Eigenspace decomposition of $T$ such that $T^3=T$

Question

Suppose $T : V \rightarrow V$ is a linear operator such that $T^3=T$. Show that $T$ is diagonalizable, and $V = \text{im }T \oplus\ker T $, $\text{im }T = E_1\oplus E_2 $.

Note: $E_\lambda$ is the eigenspace corresponding to eigenvalue $\lambda$.

I am stuck on how to decompose $V$ into image and kernel. It is easy to show that $V = \text{im }T +\ker T $, now I have to show that the intersection is $0$.

I tried by contradiction, supposing that there exists a $v \neq 0$ such that $Tv=0$. It seems that I need to use the fact $T^3=T$, but I can't seem to get any further.

Any help will be appreciated.
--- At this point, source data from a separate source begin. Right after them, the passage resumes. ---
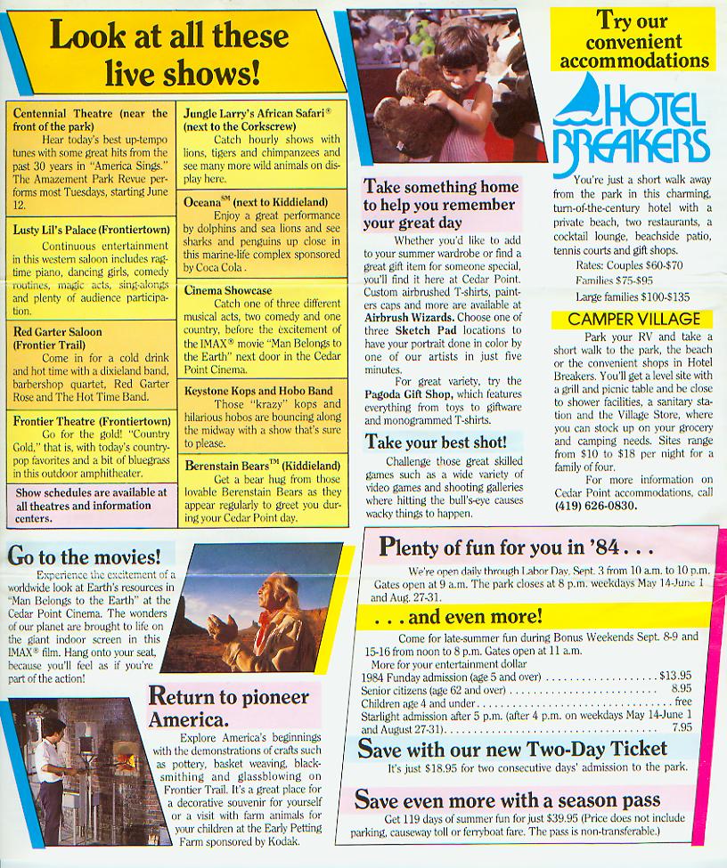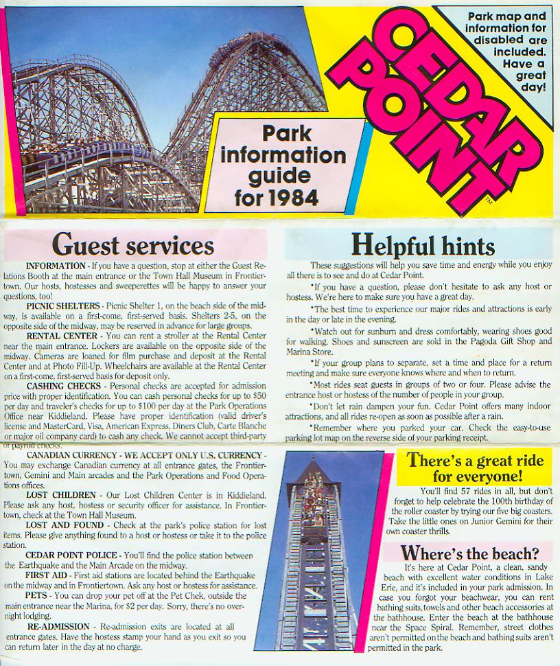 The Following Links will take you to a scaned copy of my 1984 Cedar Point Brochure & Park Guide. Enjoy :)
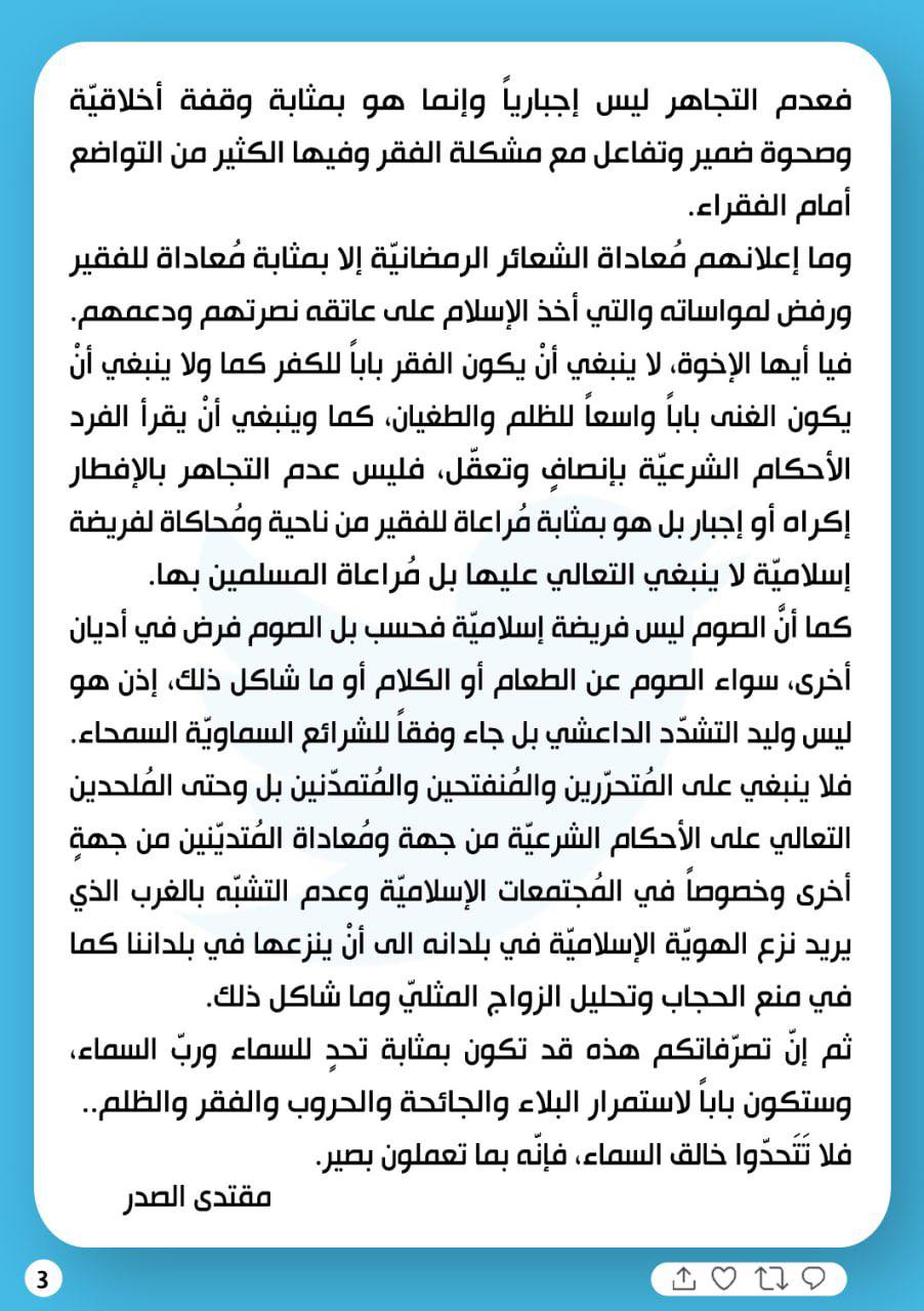 محلياتالسيد الصدر يتحدث عن الازمة الطبقية في المجتمع ويحدد اسبابها قبل 4 سنوات 5 مشاهدات شارك الوسومالصدرقد يهمك أيضا عربي ودولي رئيس وزراء قطر: مفاوضات إنهاء حرب غزة تمر بمرحلة حرجة قبل دقيقة واحدة أقتصاد ارتفاع أسعار الصرف في الأسواق المحلية: 143750 دينارا مقابل كل 100 دولار قبل 20 دقيقة 2 مشاهدات أقتصاد الحكومة العراقية: تذبذب أسعار الصرف بالسوق الموازي طارئ ومؤقت وناتج عن معلومات غير دقيقة قبل 34 دقيقة 6 مشاهدات أمن بسبب المطالبة بإبراز الهويات.. اندلاع اشتباكات بين قوتين أمنيتين بنقطة تفتيش قرب جمجمال في السليمانية قبل 45 دقيقة 5 مشاهدات محليات الداخلية تعلن نتائج التحقيق بحادثة طلب مبالغ مالية من مواطن تركي في مطار بغداد قبل ساعة واحدة 6 مشاهدات
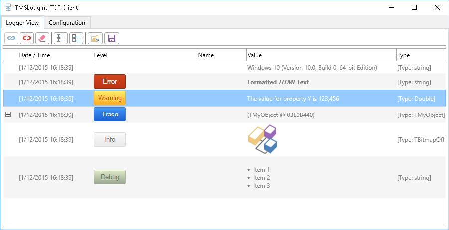 - Separate TCP/IP Client included to view logger outputs remotely or TCP/IP server to log outputs of multiple client apps
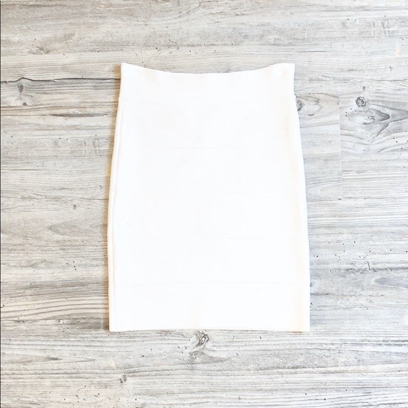 The BCBGMaxazria Women's Size Small Bandage Pencil Skirt in White is a stylish and sleek piece of clothing designed for women. Made with stretchy material, this short skirt features a bandage style that is both flattering and comfortable to wear. The skirt is perfect for a variety of occasions, from casual outings to more formal events, offering a versatile addition to any wardrobe.
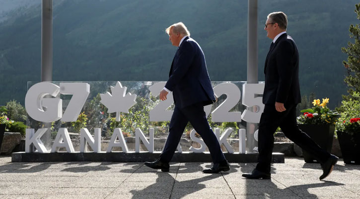 ইসরায়েল-ইরান সংঘাতে আরও সক্রিয় হস্তক্ষেপের ইঙ্গিত দিয়ে জি-৭ সম্মেলন থেকে আগেভাগেই কানাডা ত্যাগ করেছেন মার্কিন প্রেসিডেন্ট ডোনাল্ড ট্রাম্প। এর আগে সোমবার রাতে নিজের মালিকানাধীন সামাজিক যোগাযোগ মাধ্যম ট্রুথ সোশ্যালে একটি পোস্টে ইসরায়েলের প্রতি সমর্থন জানিয়ে ইরানের রাজধানীর প্রায় এক কোটি মানুষকে হুঁশিয়ারি দেন। তিনি লেখেন, সবাই যেন তৎক্ষণাৎ তেহরান ছেড়ে সরে যায়! জি-৭ নেতাদের সঙ্গে মনোরম পাহাড়ঘেরা কানানাস্কিস রিসোর্টে তোলা এক দলগত ছবিতে ট্রাম্প বলেন, আমাকে যত তাড়াতাড়ি সম্ভব ফিরে যেতে হবে। আমি চাইছিলাম আগামীকাল পর্যন্ত থাকতে, কিন্তু তারা নিশ্চয়ই বুঝতে পারছে—এটা খুব বড় ব্যাপার।
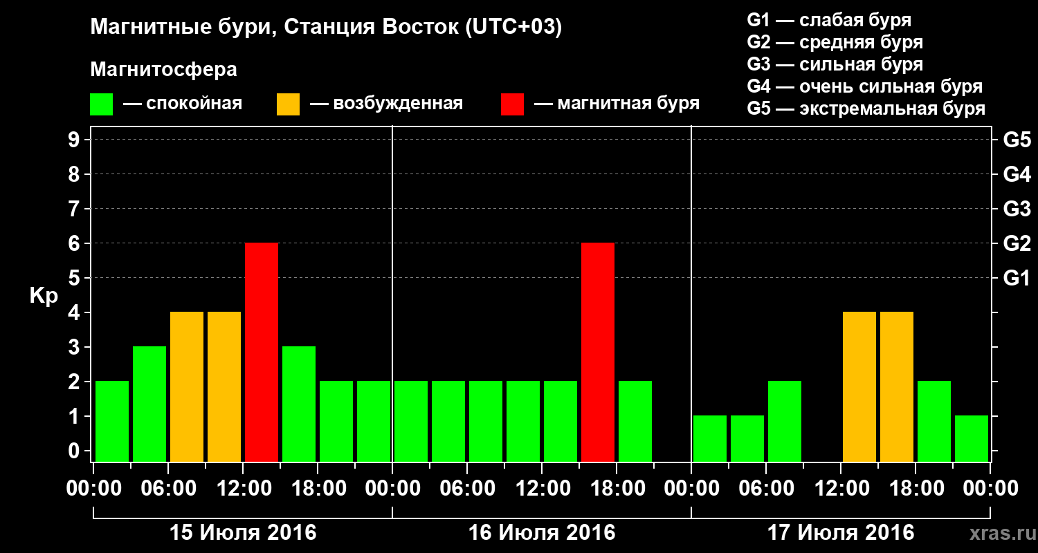 Магнитные бури локации Станция Восток — 17 июля 2016 года
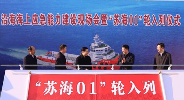 12月21日上午,江苏省沿海海上应急能力建设现场会暨“苏海01”轮入列仪式在南京五马渡码头举行。“苏海01”轮的列编填补了江苏自有大马力拖轮应急救援的空白,增强了海上极端恶劣天气的应对能力,进一步提升了江苏沿海海上应急保障水平,标志着江苏沿海海上应急保障能力建设迈出关键一步。
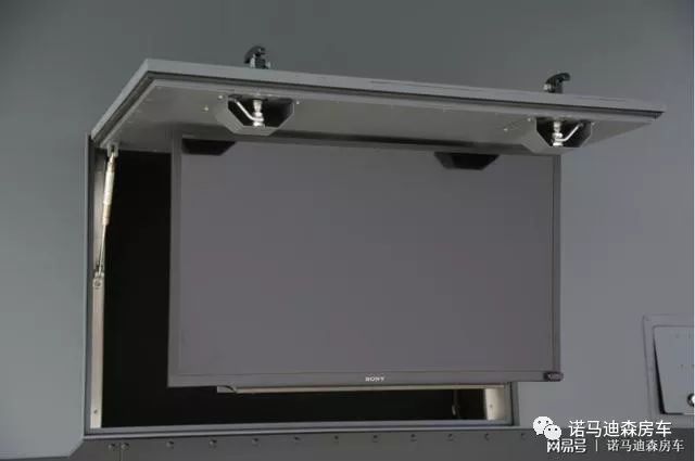 在右侧车厢的中部配置了外置翻转式SONY 32寸LED液晶电视,实现户外休闲时可以观看卫星电视或者是移动存储盘内的影音,休闲娱乐两不误。
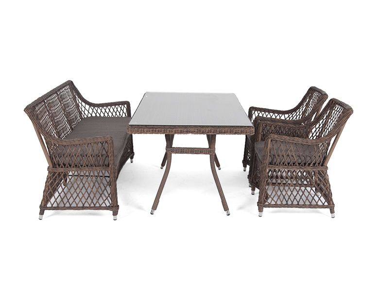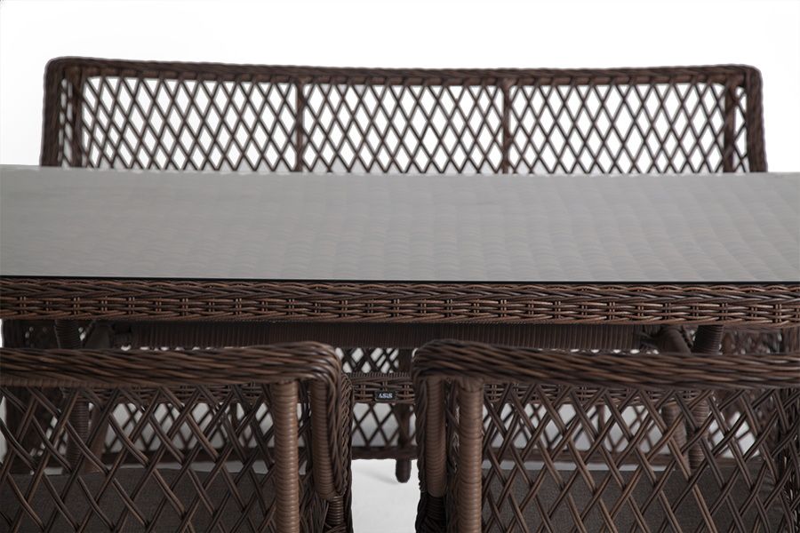Все предметы мебели изготовлены из прочного алюминия, вручную оплетенного долговечным искусственным ротангом. На креслах и диване предусмотрены подушки со съемными чехлами и влагостойкой пропиткой. Стол укомплектован прочным стеклом толщиной 5 мм для удобства использования.
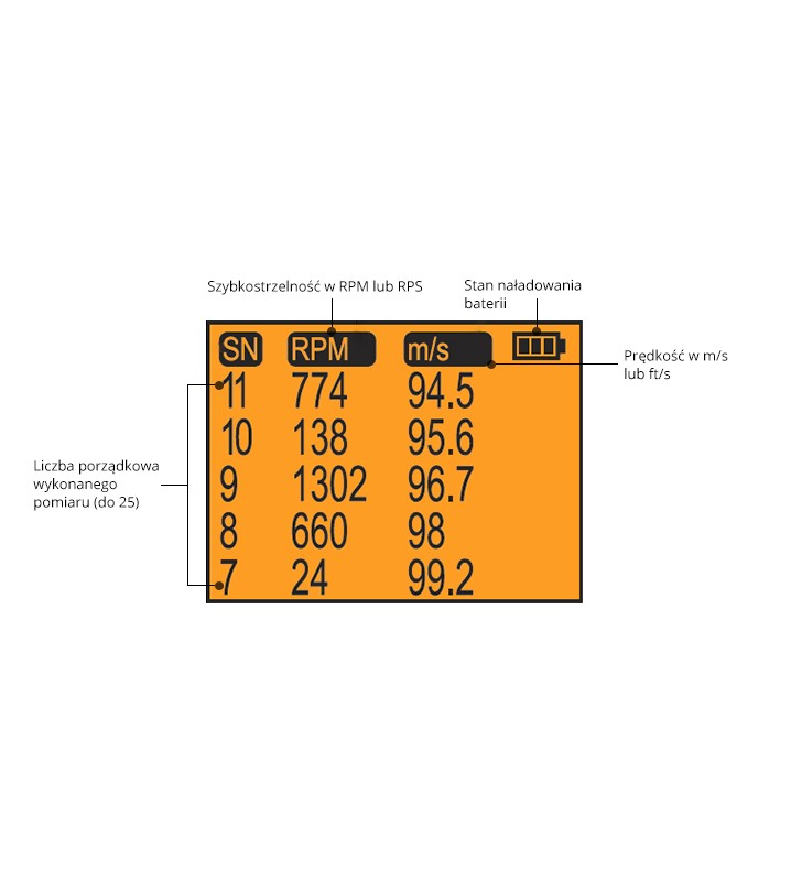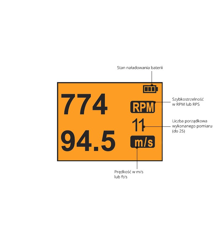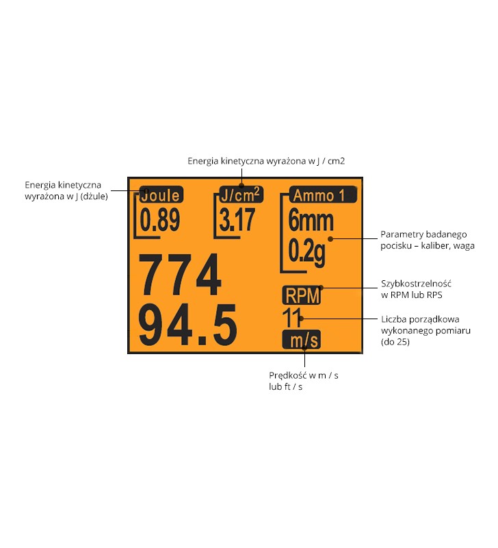 Po poprawnej konfiguracji AC6000 MKIII BT możemy przystąpić do pomiaru. Zbliżenie lufy do otworu pomiarowego i oddanie strzału spowoduje wygenerowanie wyniku na podstawie wprowadzonych danych.
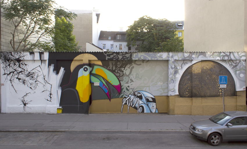Collective wall painting in the Hippgasse, Vienna 2012.
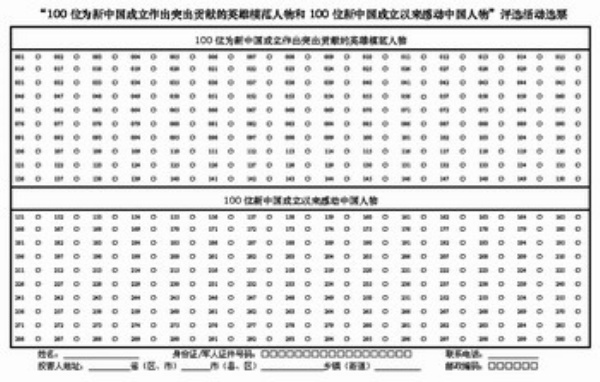 3.候选人代码由三位阿拉伯数字组成,每位候选人对应唯一代码。“100位为新中国成立作出突出贡献的英雄模范人物”候选人代码为001—150,“100位新中国成立以来感动中国人物”候选人代码为151—300(候选人按姓氏笔画排序)。投票时填写候选人代码即可。
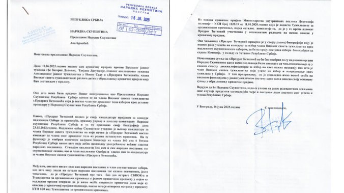 Predsednik Narodne stranke advokat Vladimir Gajić, obavestio je danas zvaničnim dopisom predsednicu Skupštine Srbije Anu Brnabić da je član Visokog saveta tužilaštva Predrag Ćetković u svojoj kandidaturi za članstvo u tom telu prikrio da je bio deo istrage u pretkrivičnom postupku koji je protiv njega vodilo Tužilaštvo za organizovani kriminal za pranje novca.
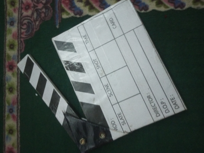 - "A movie slate rests diagonally on a dark green surface, partially overlaid by a patterned rug in the upper left corner" by FM-Z7eLi1, licensed under CC BY 4.0
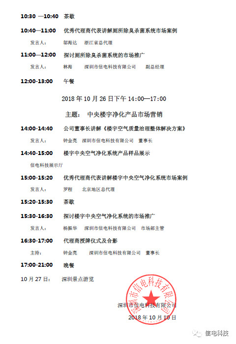 10月26日上午9點(diǎn),伴隨著深圳信電科技董事長(zhǎng)鐘博士的歡迎辭,核心代理商會(huì)正式開始。
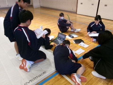 1年 +3 1年生の授業の様子です。 1組「保健体育」、2組「数学」、3組「英語」の様子です。 保健体育は、体育館でマット運動を行いました。自分が行う技を決めて練習したり、動画を見たりしながらイメージを膨らませました。 数学は、コンパス、定規を使った問題・プリントに取り組みました。コンパスをしっかり使いこなせるようにしましょう。 英語は、ペアワークを行い、スピーキングシートを活用しながら、お互いに会話しました。
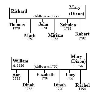 William's eldest son, William Jnr, survived at least until he was 76 years old when one of great the events of Aldbourne occurred, the great fire of 1777 (by coincidence this was the year the first really large scale map of Wiltshire was produced). By that time he was a widower living with his son Thomas's widow Ann. The fire happened on Sunday August 24 and a large part of the village was burnt down. This was not the first fire associated with the Aldbourne factory. Brinds had been forced to rebuild their homes before when there had been small fires in the early 1700s. In 1777, however, it was estimated that over £10,000 of uninsured damage was done. It was a bad year for the Brinds. Richard Brind was the recipient of parish charity (1s) that Easter and Widow Brind (Jane nee Adams?) received the very substantial sum of 5s. After the fire the rector and the Lord of the Manor immediately formed a committee to raise funds for the worst affected. A County Committee of eight, including Sir Ambrose Goddard, a local landowner, took up the fund raising effort. A London committee was also appointed with 12 people, including representatives of guilds associated with fustian. William Brind, labourer and widower (aged 76) features amongst those who had suffered. He lost his home valued at £43 16s 9d as well as stock and goods valued at £13 2s. Ann Brind the daughter in law, a spinner (spinster?), lost stock and goods worth £2 15s 9d. The various fund raising efforts produced nearly £2,000 but though the village was rebuilt it never fully recovered. George married Francis Yeomans and had two children. Both died while they were still babies. From the point of view of this story, however, the most significant son of William & Ann (Griffin) was the middle one, Thomas, a farm worker.
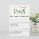 Esses adoráveis que conhecem as melhores cartas da noiva são uma atividade de Chá de fraldas divertida. Simplesmente passe-os durante o chá onde os convidados se divertirão a responder a perguntas sobre a noiva! A pessoa com as vitórias mais corretas! O design apresenta suculentos de aquarela com acentos de brilho dourado e sinalizadores de fiesta colorida.
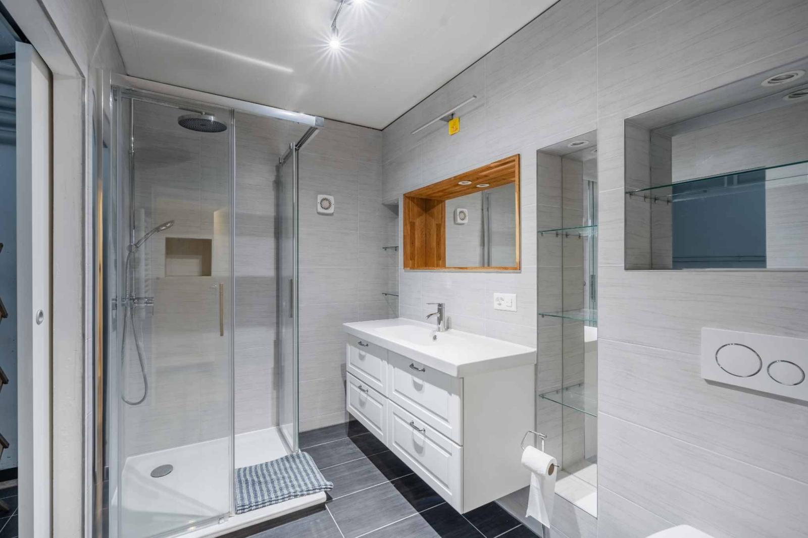 Im Untergeschoss befinden sich ein zweites Badezimmer mit Dusche sowie ein separater Waschraum, was den täglichen Komfort deutlich erhöht.
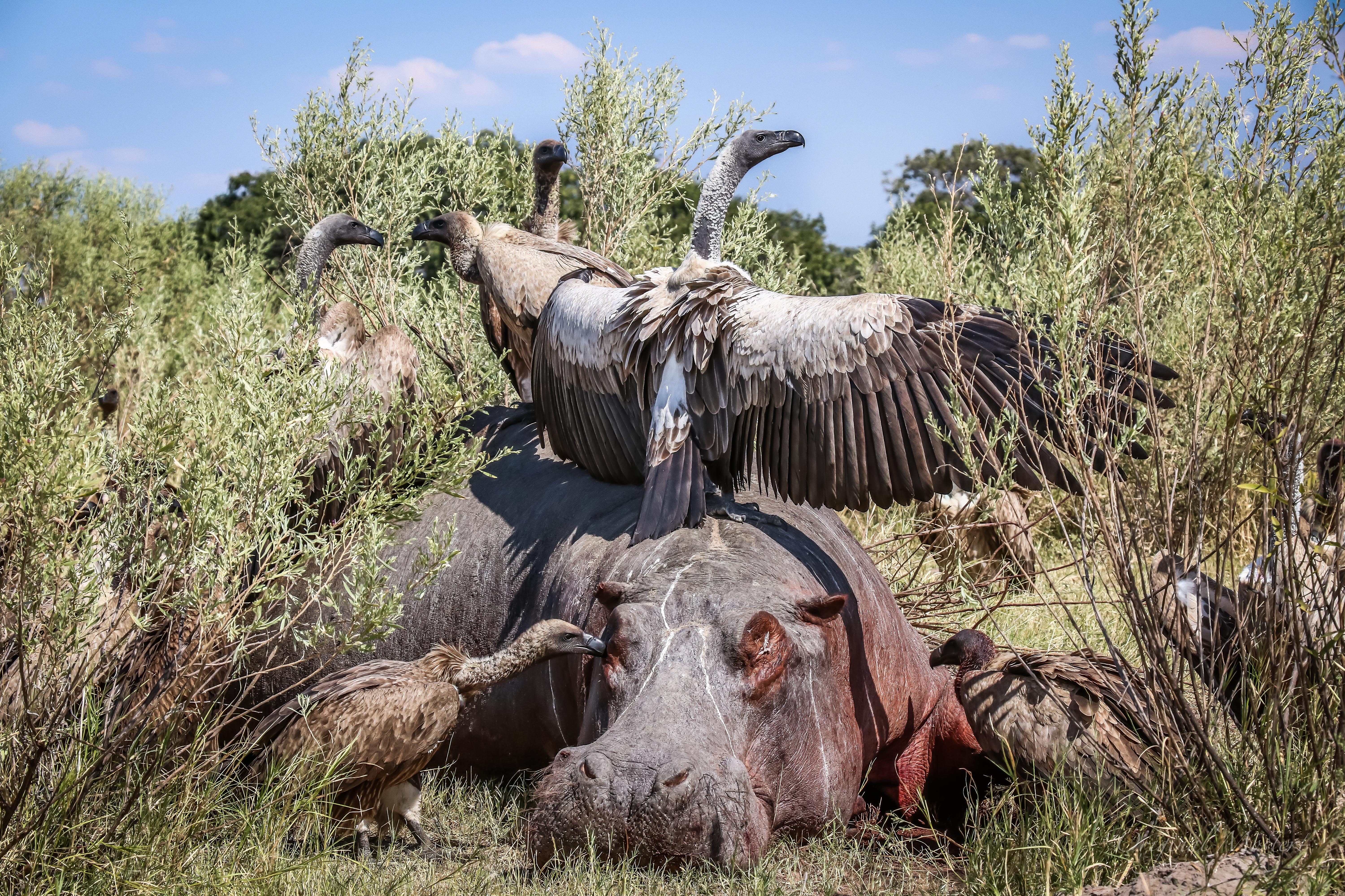 Overleden Nijlpaard is avondmaal voor Gieren in Moremi National Park, Botswana
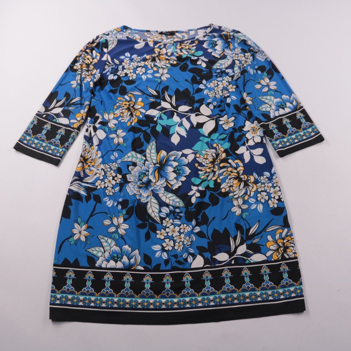Повседневное платье F&F прямого кроя с ярким цветочным принтом и рукавом 3/4. Подойдёт для прогулок и повседневных образов в тёплую погоду. Лёгкая ткань и свободная посадка обеспечивают комфорт в носке.

Thanks in advance!

Answer 1

Let $v\in Ker(T)\cap Im(T), T(u)=v$ and $T(v)=0$, this implies that $T^2(u)=T(v)=0$ and $T^3(u)=T^2(T(u))=v=0$, since $dimKer(T)+dimIm(T)=n$, we deduce that $Ker(T)\oplus Im(T)=V$.

The restriction $U$ of $T$ to $Im(T)$ verifies also $U^3=U$, this implies that that the eigenvalues of $U$ are $0,1$ or $-1$, since $Ker(T)\cap Im(T)=0$, we deduce that the eigenvalues are $1$ or $-1$ and $U^2-I=0$, (to see this, if $x=U(y), U^2(x)=U^3(y)=U(y)=x$) this implies that $U$ is a projection and $Im(T)=V_1\oplus V_2$, $V_1=\{x:U(x)=x\}, V_2=\{x:U(x)=-x\}$.

Answer 2

Since $T^3=T$, if $v\in V$ you have $Tv=T^3v$ and so $T(v-T^2v)=0$. In particular, $v-T^2v\in\ker T$. Hence $$ v=(v-T^2v)+T^2v \tag{*} $$ and therefore $V=\ker T+\operatorname{im}T$. If $v\in\ker T+\operatorname{im}T$, then $v=Tw$ for some $w\in V$; since $Tv=0$, also $T^2w=0$ and therefore $T^3w=0$. Thus $v=Tw=T^3w=0$.

Now you just have to prove that $\operatorname{im}T=E_{1}\oplus E_{-1}$.

Let $v\in\operatorname{im}T$. Then $v-T^2v=0$ because of the decomposition (*).

Now use the fact that $$ v=\frac{1}{2}(v+Tv)+\frac{1}{2}(v-Tv) $$ Can you finish?